When logging when is an error fatal?

logging error-handling log4net log4j

18,839

Solution 1

I consider fatal errors to be when your application can't do any more useful work. Non-fatal errors are when there's a problem but your application can still continue to function, even at a reduced level of functionality or performance.

Examples of fatal errors include:

Running out of disk space on the logging device and you're required to keep logging.
Total loss of network connectivity in a client application.
Missing configuration information if no default can be used.

Non-fatal errors would include:

A server where a single session fails for some reason but you can still service other clients.
An intermittent error, such as lost session, if a new session can be established.
Missing configuration information if a default value can be used.

Solution 2

An error is Fatal if something is missing or a situation occurs for which the application can simply not continue. Possible examples are a missing required config.file or when an exception 'bubbles up' and is caught by an unhandled exception handler

Solution 3

I would use fatal if my next step is for the application to terminate, or merely not do any more subsequent work. If the application is part of a batch or there are multiple processes running, this can be useful for tracing what happened.

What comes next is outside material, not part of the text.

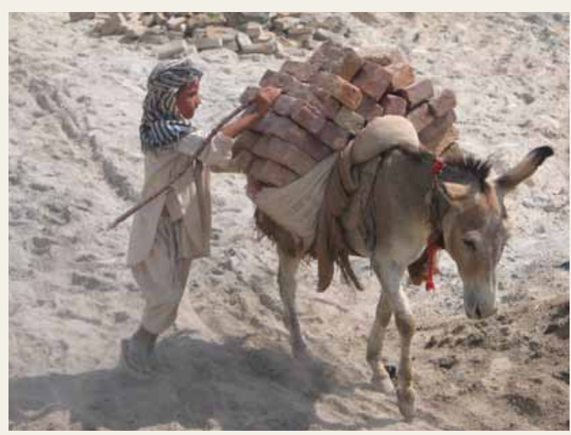
Countless poor children such as this one miss out on receiving an education to work long strenuous days to earn meager wages for their families and caretakers.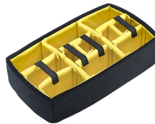
1515 Padded Divider Set

If there is a chance of recovery (e.g., loss of network connection with retries for a while) I would not use a fatal.

If I have multiple service threads activated by a main thread and one of them fails because of some bad input but the application can still serve new requests, I do not consider it fatal.

Solution 4

To make this answer short and sweet, if your application crashes, I would consider that fatal. If you cannot connect to an important resource such as a database or a required service, that would be fatal. Overall, I would say that if it keeps your application from running correctly and affects the user, I would classify it as a fatal error.

But the most important way to classify errors is to consistently follow a rule of thumb such as rule 69 in C++ Coding Standards:

"Develop a practical, consistent, and rational error handling policy early in design, and then stick to it."

View more solutions

18,839

Author by

Jason Whitehorn

. _///_, . / ` ' '> ) o' __/_'> ( / _/ )_\'> ' "__/ /_/\_> ____/_/_/_/ /,---, _/ / "" /_/_/_/ /_(_(_(_ \ ( \_\_\\_ )\ \'__\_\_\_\__ ).\ //____|___\__) )_/ | _ \'___'_( /' \_ (-'\'___'_\ __,'_' __) \ \\___(_ __/.__,' ,((,-,__\ '", __\_/. __,' '"./_._._-'

Updated on June 05, 2022

Comments

Jason Whitehorn almost 2 years

In logging frameworks like log4j & log4net you have the ability to log various levels of information. Most of the levels have obvious intentions (such as what a "Debug" log is vs. a "Error"). However, one thing that I have always been timid on was classifying my logging as "Fatal".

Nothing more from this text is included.